The vice president specifically tasked me with providing him with a list of recommendations that would better protect our children in schools. In response, FLEOA recommends the following to the vice president:

  • Direct the National Threat Assessment Center to update its "School Shooter" study and make immediate recommendations to law enforcement.
  • Commit Secret Service and Federal Protective Service assets to working with state and local counterparts to perform vulnerability assessments and recommend practical security protocols for schools to follow.
  • Designate funding to support state and local governments in providing a uniformed law enforcement officer (or LEOSA certified retired officer) at each school.
  • Support funding for providing all teachers with an emergency alert PDA or app that would allow for immediate covert communication of a crisis. The PDA/app would function as a transmitter/open line, and also provide critical GPS data.
  • Ensure all state and local components have access to school building schematics, with capability of transmitting them to first responders on scene.
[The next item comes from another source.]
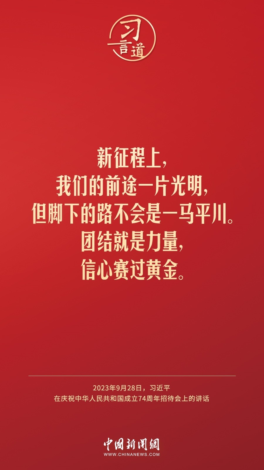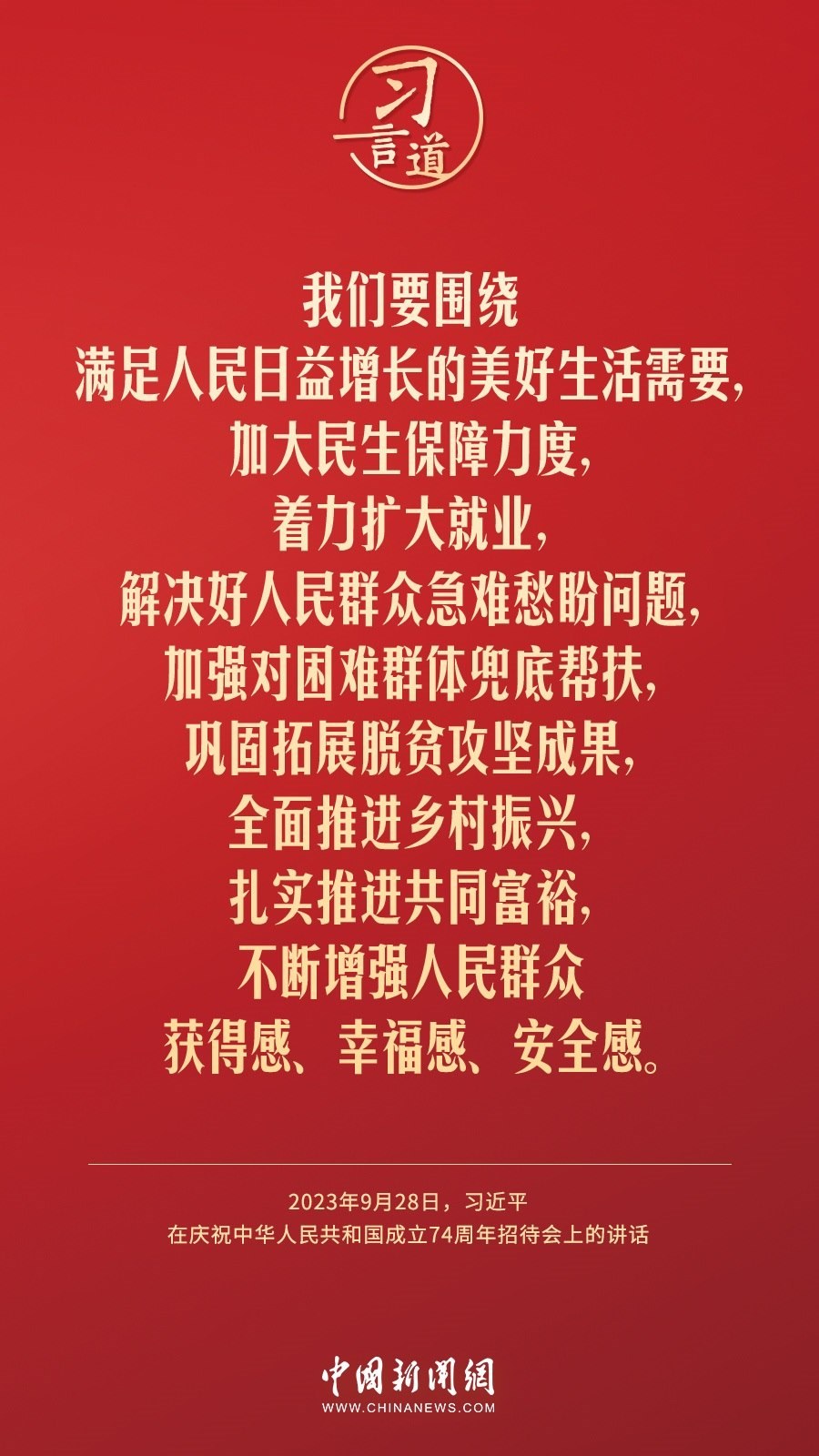 慶祝中華人民共和國(guó)成立74周年招待會(huì)28日晚在人民大會(huì)堂舉行。中共中央總書(shū)記、國(guó)家主席、中央軍委主席習(xí)近平出席招待會(huì)并發(fā)表重要講話。他強(qiáng)調(diào)——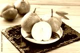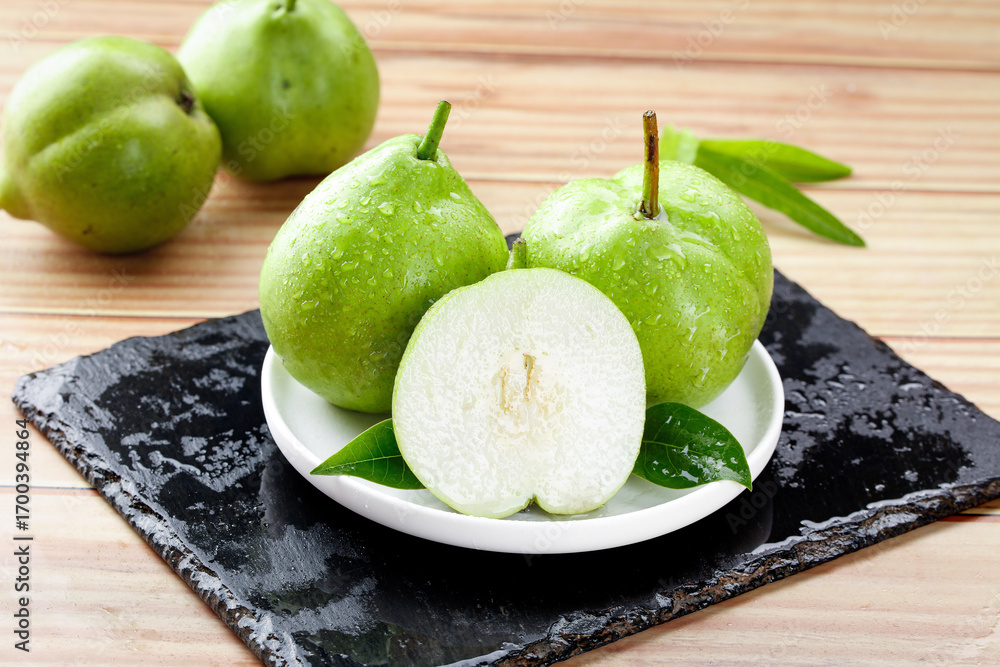 Fresh Green Pears from Shaanxi Province China - Whole and Sliced Fruit Display on Slate Board

  • Create a "School Safety Inspector" position for all elementary schools, and have this individual conduct assessments of a school's compliance with basic security protocols.
  • Provide uniform guidance to school officials regarding conducting scheduled emergency evacuation or lock-down drills.

FLEOA does not support anyone using the Second Amendment as a scapegoat for the Newtown tragedy. Instead, FLEOA is recommending a Safety Summit that includes law enforcement, the NRA, and legislators. All parties should be locked in a room until they come up with practical solutions to better protect our children.